The law is bad, so we break it. We don't change it, we just break it and justify breaking it because we think it's bad.
"Everyone" is speeding so OBVIOUSLY the speed limit is too slow.
The same attitude goes for drugs. "Everybody does it, so the law MUST be bad." Sounds like teenager-think.
Relative morality.
Work to change the law rather than just break it and try to justify violating the law.
Or break the law, pay the fines and stop whining about it.
Or break the law, then don't bellyache or sue when someone gets in an accident and dies or becomes a quadreplegic from speeding.
What was even better, the tail lights blew out due to there being a stack of full 2 liter soda bottles in the trunk that I'd had to grab for someone for a birthday party or some such.
And when I made the turn, they slid and bashed into the assemblies for the lights, and the rest is history.
But at least I got my turn signals and one marker light back on.
The poor cop though, I have the hatch open, and it slowly comes down and then thuds into my back like a giant jaw.
""Everyone" is speeding so OBVIOUSLY the speed limit is too slow."
Yes, now you get it! If the LAW were followed, then everyone would not be speeding, because the speed would be set at what the 85th percentile driver drives.
Your moralizing is really not persuasive. Sensible people know the difference between malum prohibitum and malum in se, and can use their own moral compass to differentiate between the two. Why don't you use your head instead of being slavishly law-abiding?
Weary sigh.
It's more of a Libertarian mantra on this site. Government overstepping its boundaries, being bad, eevulll and unnecessary, as usual.

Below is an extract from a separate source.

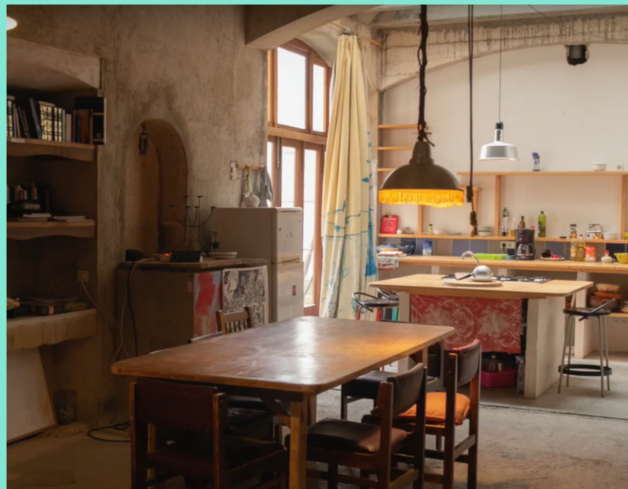
Cuina de Can Timoner

L'espai compta amb 5 habitacions, cuina, dos banys, tres terrasses, diferents espais d'esbarjo i tres sales.

And we WILL have to go there again, whether we want to or not.
It depends on what kind of "school zone" it was. Many school zones are just actually speed traps. There is a stretch of road in front of an elementary school a few miles away that is a 25 mph school zone 24 hours a day, 7 days a week. The speed limit on that road is 45 before and after the school.
There is also a "school zone" near my house that is really just the entrance to a private preschool. The preschool and its grounds are FAR from that intersection - its just an intersection.
Many "school zones" I know of are just a stretch of road in front of high school. There are no sidewalks and students NEVER cross the street - they couldn't even if they wanted to as there is nothing on the other side to go to. What sense does it make to consider this a "school zone" for traffic?
Many people think "school zone" and automatically think of crossing guards escorting elementary school kids across the street. In reality, those are pretty rare.